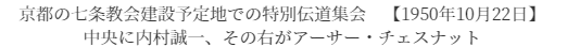 체스넛은 차를 몰고 1949년 7월부터 8월까지 40일 동안 동해 길의 자동차 여행을 하면서 전도했고, 8월에는 2주 동안 교토, 오사카에서 전도했다. 10월 말에 이토 켄에이(伊藤顯榮) 신학생을 통역으로 삼고 하마마츠시(浜松市)의 공회당에서 10일간의 하마마츠 대전도회를 개최하자 도쿄에서 마리 주루겐센(Mari Jurgensen), 쿄토(京都)에서 우치무라 세이이치(内村誠一)가 응원하러 달려왔다. 또 1950년 5월에는 통역으로서 이토 켄에이 신학생을 수반해 고베(神戸)의 어영(御影)에서 특별 전도 집회를 실시해, 여름에는 교토의 시치조 교회(七条教会)의 회당 건설 예정지에서 특별 천막 집회를 가져 우치무라 세이이치의 사역을 지원했다. 교토의 우치무라 세이치의 사역을 플로렌스 바이어스와 루스 플로이드도 지원했는데, 시치조 교회의 회당 건축을 위해 미국 뉴저지의 세일렘의 세일렘 오순절 교회에서 1000달러를 기부했다.
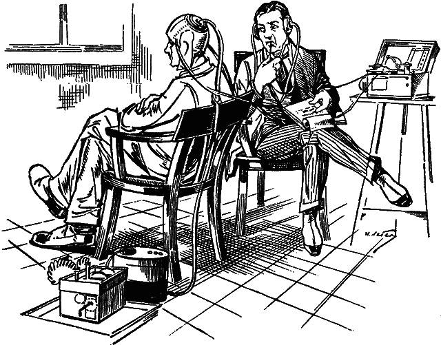 — Вам, вероятно, известно, синьор Минетти, что по последним научным изысканиям, наша нервная система и мозг являются трансформатором электромагнитных волн. Результат работы мозга — наша мысль — излучает особые электроволны. Надо только поймать их и произвести обратную трансформацию электроволн в мысли, в звучащие мысли, если хотите. Металлический колпак — приемник. Вот этот ящичек — усилитель электромагнитных колебаний, производимых мыслью, а вот этот ящичек — обратный трансформатор. Здесь электроволны оформляются в звукомысли. А вот это приемный телефон. Ясно, как молодой месяц, не правда ли?..
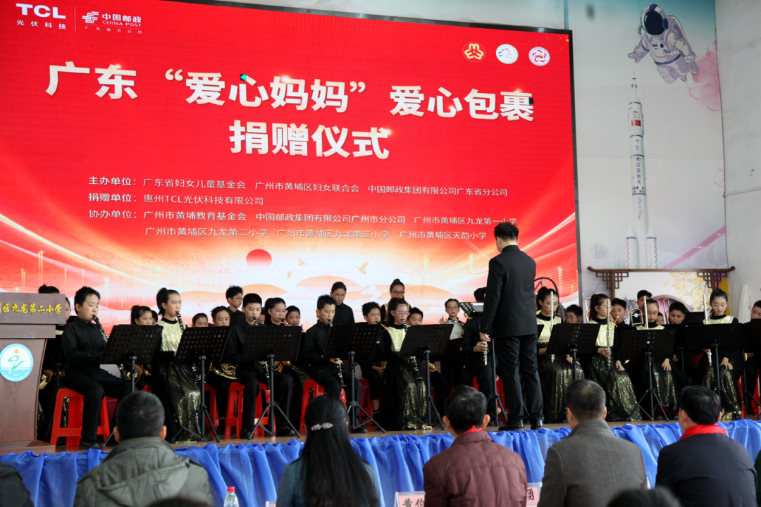 随着悠扬的音乐响起,九龙第二小学管乐团的演奏为仪式拉开序幕。广东省妇女儿童基金会副秘书长郑思琳首先致辞,对TCL光伏科技的捐赠表示感谢,并强调这一善举不仅传递了社会对孩子们的深切关怀,更彰显了企业对乡村振兴和教育事业的坚定支持。她鼓励孩子们努力学习,积极向上,用实际行动回报社会的关爱。

------------------------------------------------------------------------

ACTION ITEM:
Give every line above again exactly, omitting whatever pictures appear.

TASK RESULT:
 체스넛은 차를 몰고 1949년 7월부터 8월까지 40일 동안 동해 길의 자동차 여행을 하면서 전도했고, 8월에는 2주 동안 교토, 오사카에서 전도했다. 10월 말에 이토 켄에이(伊藤顯榮) 신학생을 통역으로 삼고 하마마츠시(浜松市)의 공회당에서 10일간의 하마마츠 대전도회를 개최하자 도쿄에서 마리 주루겐센(Mari Jurgensen), 쿄토(京都)에서 우치무라 세이이치(内村誠一)가 응원하러 달려왔다. 또 1950년 5월에는 통역으로서 이토 켄에이 신학생을 수반해 고베(神戸)의 어영(御影)에서 특별 전도 집회를 실시해, 여름에는 교토의 시치조 교회(七条教会)의 회당 건설 예정지에서 특별 천막 집회를 가져 우치무라 세이이치의 사역을 지원했다. 교토의 우치무라 세이치의 사역을 플로렌스 바이어스와 루스 플로이드도 지원했는데, 시치조 교회의 회당 건축을 위해 미국 뉴저지의 세일렘의 세일렘 오순절 교회에서 1000달러를 기부했다.
 — Вам, вероятно, известно, синьор Минетти, что по последним научным изысканиям, наша нервная система и мозг являются трансформатором электромагнитных волн. Результат работы мозга — наша мысль — излучает особые электроволны. Надо только поймать их и произвести обратную трансформацию электроволн в мысли, в звучащие мысли, если хотите. Металлический колпак — приемник. Вот этот ящичек — усилитель электромагнитных колебаний, производимых мыслью, а вот этот ящичек — обратный трансформатор. Здесь электроволны оформляются в звукомысли. А вот это приемный телефон. Ясно, как молодой месяц, не правда ли?..
 随着悠扬的音乐响起,九龙第二小学管乐团的演奏为仪式拉开序幕。广东省妇女儿童基金会副秘书长郑思琳首先致辞,对TCL光伏科技的捐赠表示感谢,并强调这一善举不仅传递了社会对孩子们的深切关怀,更彰显了企业对乡村振兴和教育事业的坚定支持。她鼓励孩子们努力学习,积极向上,用实际行动回报社会的关爱。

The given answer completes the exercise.